Australia and the United States are both signatory parties to the Warsaw Convention. This convention was entered into in order to accomplish the unification of certain rules relating to international transportation by air, and was signed on October 12, 1929, by the representatives of twenty-three countries at Warsaw, Poland. Adherence to the convention was advised by the United States Senate on June 15, 1934, and proclaimed by the President of the United States on October 29,1934 (49 U. S. Stat. 3000 et seq.; Komlos v. Compagnie Nationale Air France, 111 F. Supp. 393, 397). The convention, as a treaty, constitutes part of the law of this land, overriding State law and policies (U. S. Const., art. VI, § 2; Wyman v. Pan American Airways, 181 Misc. 963, affd. 267 App. Div. 947, motion for leave to appeal to the Court of Appeals denied 267 App. Div. 983, affd. 293 N. Y. 878, certiorari denied 324 U. S. 882; Komlos v. Compagnie Nationale Air France, supra).

Since the flight was subject to the Warsaw Convention rules, the rights of the parties were fixed by those rules therein provided. Said rules were made a condition of the ticket purchased by the deceased and in any event were so made under the rules themselves (Warsaw Convention, art. 3, subd. 2; Wyman v. Pan American Airways, 181 Misc. 963, 965, supra).

We are therefore brought to a consideration of the question of the effect of article 28 of the Warsaw Convention on the diverse contentions of the parties to the instant motion. Article 28 provides: “ (1) An action for damages must be brought, at the option of the plaintiff, in the territory of one of the High Contracting Parties, either before the court of the domicile of the carrier or of his principal place of business, or where he has a place of business through which the contract has been made, or before the court at the place of destination. (2) Questions of procedure shall be governed by. the law of the court to which the case is submitted.”

[264]*264The ticket purchased by the passenger was for a round-trip passage from New York to San Francisco, to Sydney, to San Francisco, to New York.
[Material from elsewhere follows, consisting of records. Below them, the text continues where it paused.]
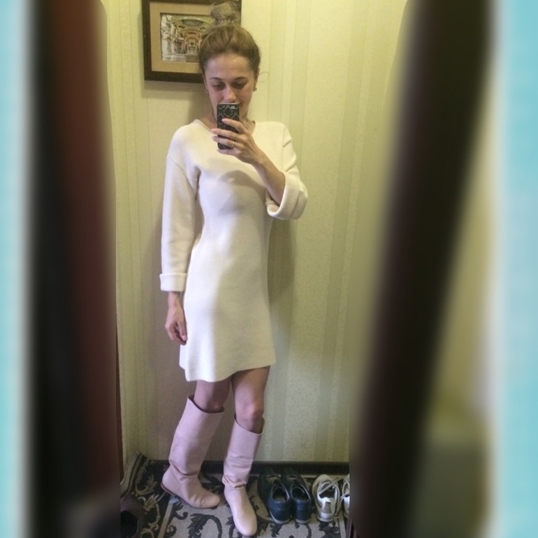 И самое главное , оно отлично подходит к моим сапожкам !!!! Моим чудесным розово-пудровым сапожкам!!!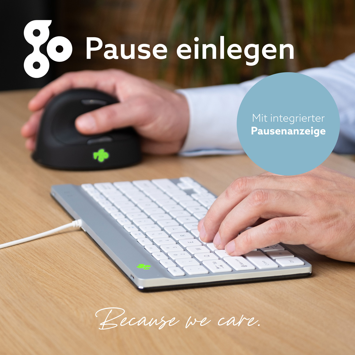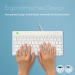 Diese kompakte Tastatur verfügt über alles ergonomisch Benötigtes für gesundes Tippen. Das kompakte Design sorgt dafür, dass Ihre Hände bei gleichzeitiger Verwendung von Tastatur und Maus immer in Schulterbreite bleiben. Der leichte Tastenanschlag verringert die Muskelspannung beim Tippen. Die Tastatur ist ultradünn, sodass sich die Hände und Handgelenke beim Tippen in einer entspannten, natürlichen Position befinden. Dies bewirkt eine bessere Durchblutung der Hände. Die R-Go Compact Break Tastatur zeigt mit LED-Farbsignalen an, wann es Zeit ist, eine Pause einzulegen. Während Sie tippen, wechselt eine LED-Leuchte die Farbe, wie bei einer Ampel. Wenn das Licht Grün leuchtet, bedeutet dies, dass Sie gesund arbeiten. Orange bedeutet, dass es Zeit für eine kurze Pause ist, und Rot, dass Sie zu lange gearbeitet haben. Kurze Pausen während des Arbeitstages verbessern die Konzentration, beugen Überlastungsbeschwerden vor und halten Sie beim Arbeiten fit. Dieses Produkt funktioniert mit der R-Go Break Software, die mit dem Benelux Office Products Award 2021 gekürt wurde. Laden Sie den kostenlosen Break LED-Steuerung hier herunter.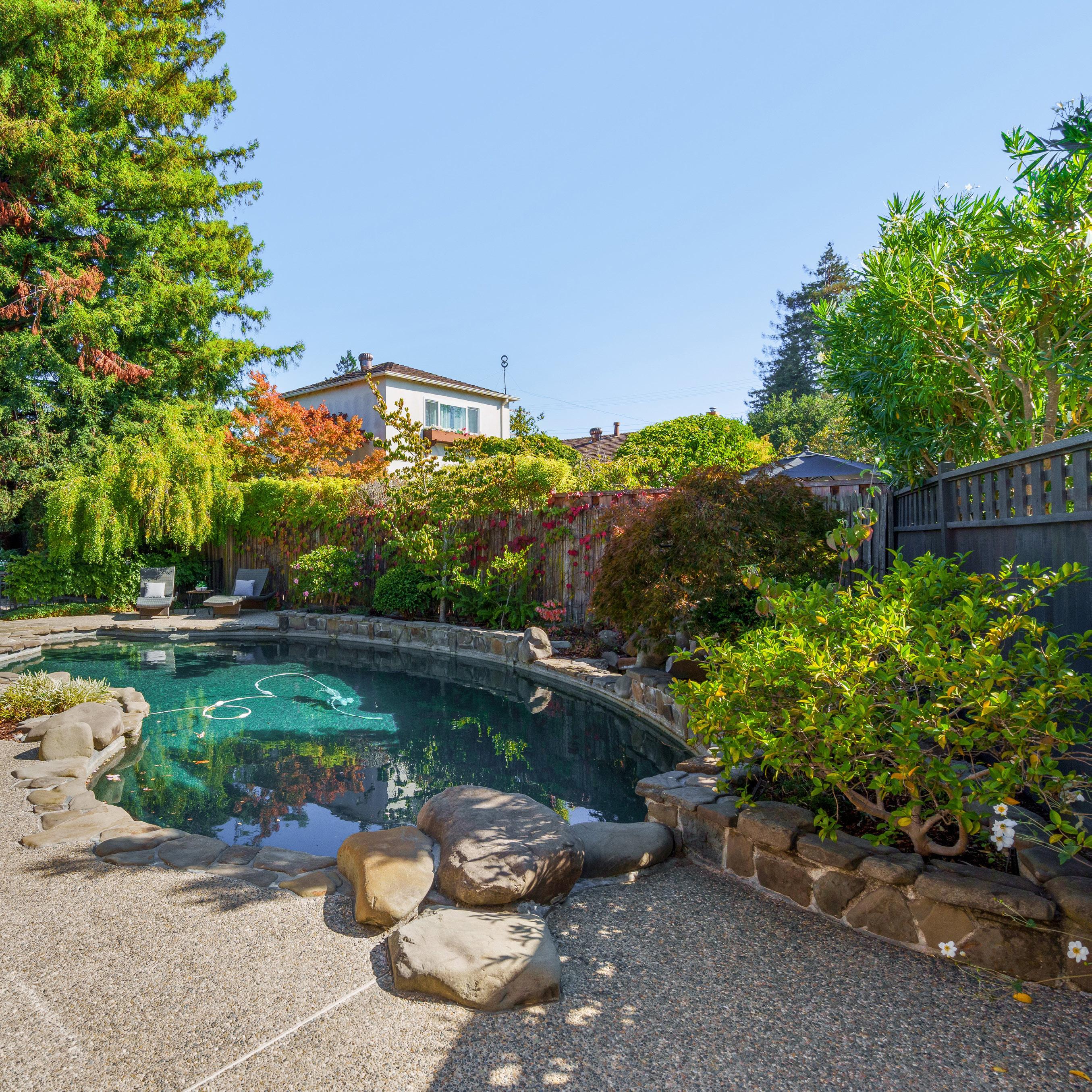 Light, bright interiors and a coveted address in the esteemed Crescent Park neighborhood highlight this spacious home set at the end of a cul-de-sac. High, vaulted ceilings and excellent use of glass craft an airy ambiance throughout over 2,400 square feet of interior space that enjoys new flooring, fresh paint, and new carpeting. The floorplan offers a fireplace in the living room, the dining room that adjoins the kitchen for easy entertaining, and comfortable bedrooms including the primary suite with a fireplace and private balcony. The stunning backyard is an entertainer’s dream and features a large deck, pool, and a verdant canopy of trees and privacy hedges. Topping it all off is a location within walking distance of Eleanor Pardee Park, the shops and restaurants along University Avenue, and Caltrain, with access to top-ranked schools Duveneck Elementary, Greene Middle, and Palo Alto High (buyer to verify eligibility).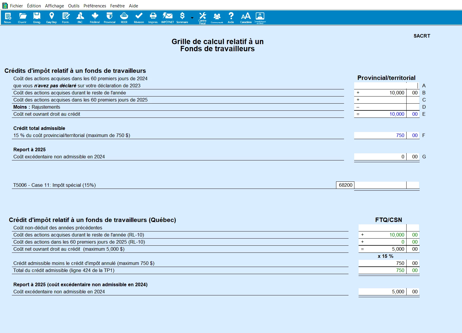 Bonjour, lorsque je remplis la feuille de calcul, le montant excédentaire à 5000$ est reoprté pour la partie provinciale, mais pas pour la partie fédérale. S'agit-il d'un bug?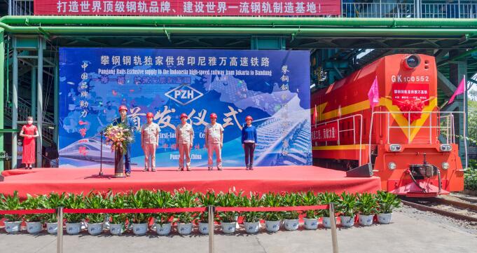 3月27日14时,首发仪式现场,一列火车满载着首批百米钢轨,缓缓驶出攀钢钒轨梁厂 王东 摄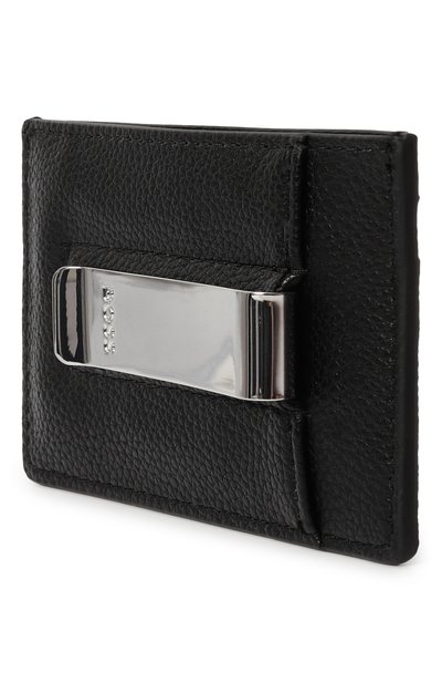Для изготовления черного картхолдера использовали матовую зернистую кожу, на которой долго не появятся заломы и царапины. Функциональные возможности аксессуара с двумя слотами для банковских карт и открытым центральным карманом расширили при помощи зажима для купюр на задней панели. Модель украсили небольшим рельефным логотипом из полированного ювелирного сплава с сияющим серебристым покрытием.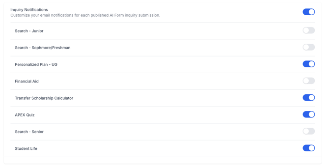 If you want to turn on Inquiry Notifications, you can turn them on for all forms or select forms. After you toggle on Inquiry Notifications, you can use the toggle next to each form name to change the notification setting for that form only.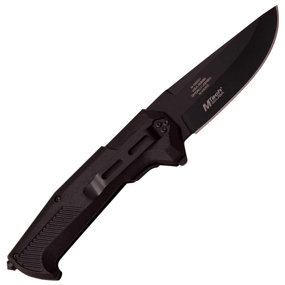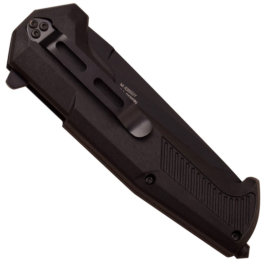 Manual Folding Knife3.25" 3mm Thick Blade, Stainless SteelBlack BladeBlack Nylon Fiber Handle, Grey & Black 2 Tone Usmc InsertIncludes Black Pocket Clip, Carbide Tip Glass Breaker.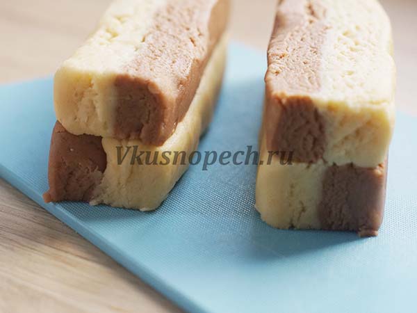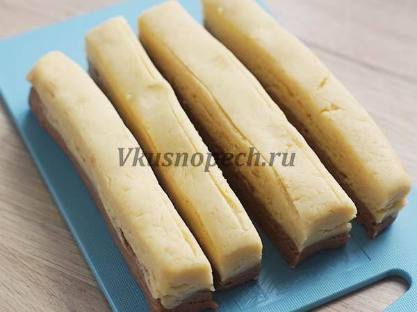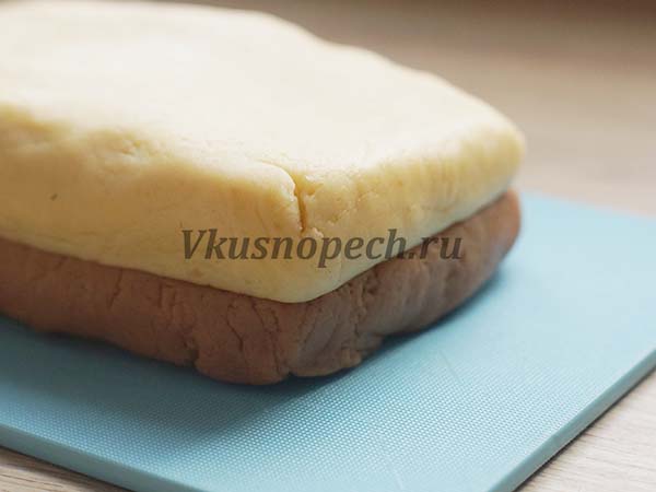 Раскатываем оба шара, стараясь придать пласту форму прямоугольника. Ванильное тесто выкладываем поверх шоколадного.
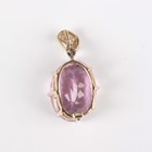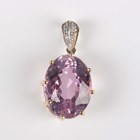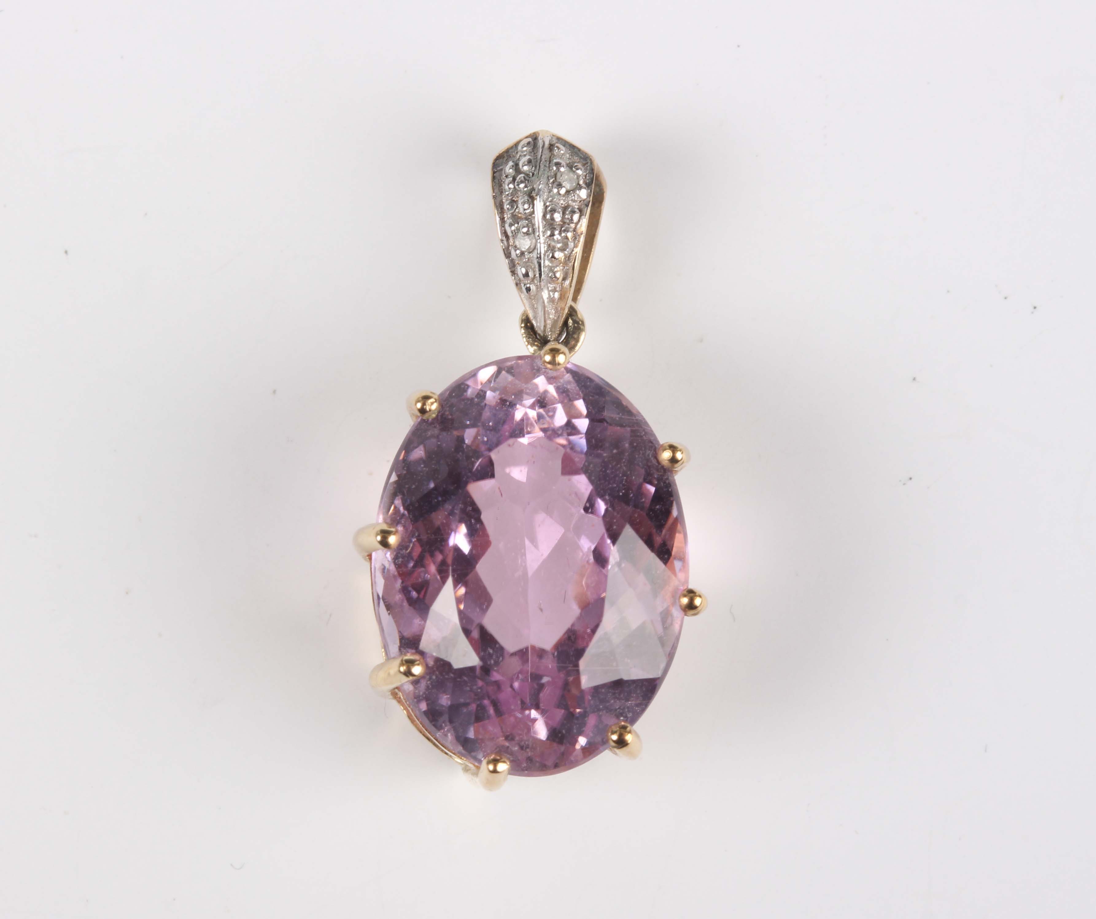 A 9ct gold pendant, claw set with an oval cut pink kunzite, with a diamond set surmount, weight 4g, kunzite weight approx 9.50ct, length 2.5cm.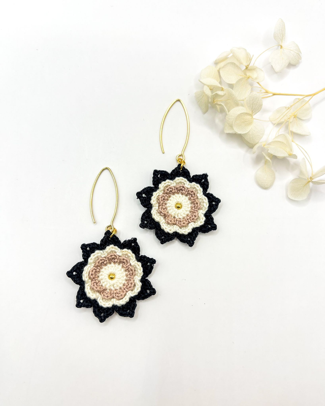 Grandes boucles d'oreilles fleuries noir, blanche et Taupe. Cette association de couleurs classique s'associera à merveille a un look habillé ou une jolie robe ♥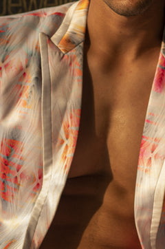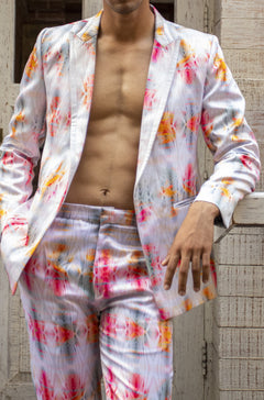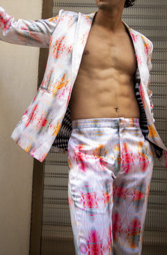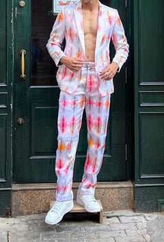 Our “Starfall Men's Set” featuring digital-printed oversized, structured fit, edgy jacket. Designed with a classic bold peak collar and satin detailing. The intricate starry digital print, adds a touch of whimsy and mystique. Crafted from premium materials for comfort and durability, this set is both a statement piece and a versatile layering option. This look consists of straight fit similar print trousers with side pockets.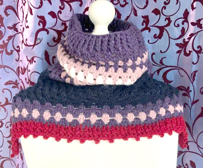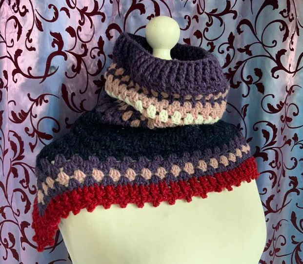 Kragen Lisbeth aus 5 Farben...flott & einfach gehäkelt..herrlich warm am Hals...da der Kragen auch recht hoch ist, kann man den Kragen auch schön über die Ohren ziehen.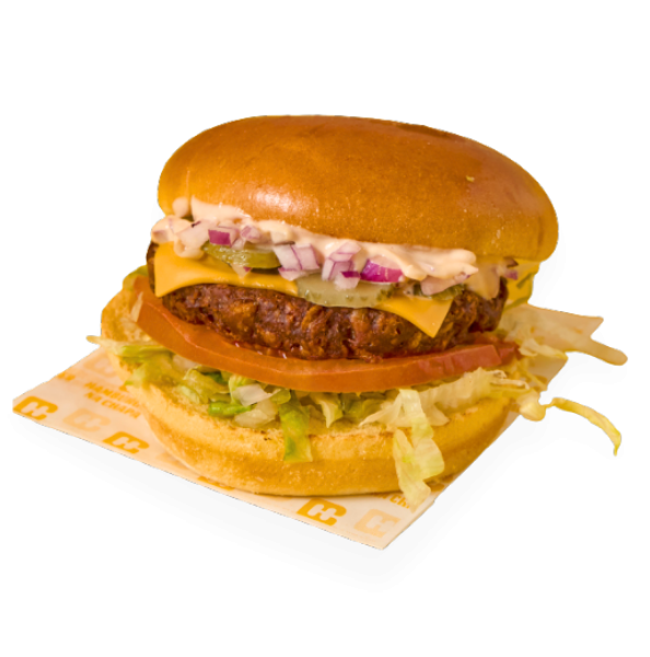 Brioche bun, veggie patty, cheddar, red onion, lettuce, tomato, pickles e molho

There were thus several intermediate breaks in travel en route with the final destination at New York. Such final destination, it is obvious, falls clearly within the phrase, “ place of destination ” of subdivision (1) in article 28 of the Warsaw Convention(Wyman v. Pan American Ainvays, supra; see 20 N. Y. State Bar Assn. Bulletin, p. 193).

Furthermore, on the basis of the entire record before me and the conceded facts pursuant to stipulation between the attorneys for the parties, it is also clear that New York is a proper forum under article 28 of the said convention for the purposes of commencing suit, since New York was a place of business through which the contract of carriage was made by BCPA. The attorneys for the defendants BCPA and Quantas and the attorneys for the plaintiff have stipulated for the purposes of this motion that in October of 1953 BOAC and BCPA had a joint listing in the Manhattan Classified Telephone Directory which reads as follows: British Commonwealth Pacific Airlines British Overseas Airways Corp. Passenger Reservation Ticket Office and Air Cargo Information, 342 Madison Av. — Murray Hill 7-8900 ”.

In addition thereto, both BOAC and BCPA had separate listings in the 1953 alphabetical Manhattan telephone directory indicating their respective offices to be at 342 Madison Avenue and their respective telephone numbers to be Murray Hill 7-8900.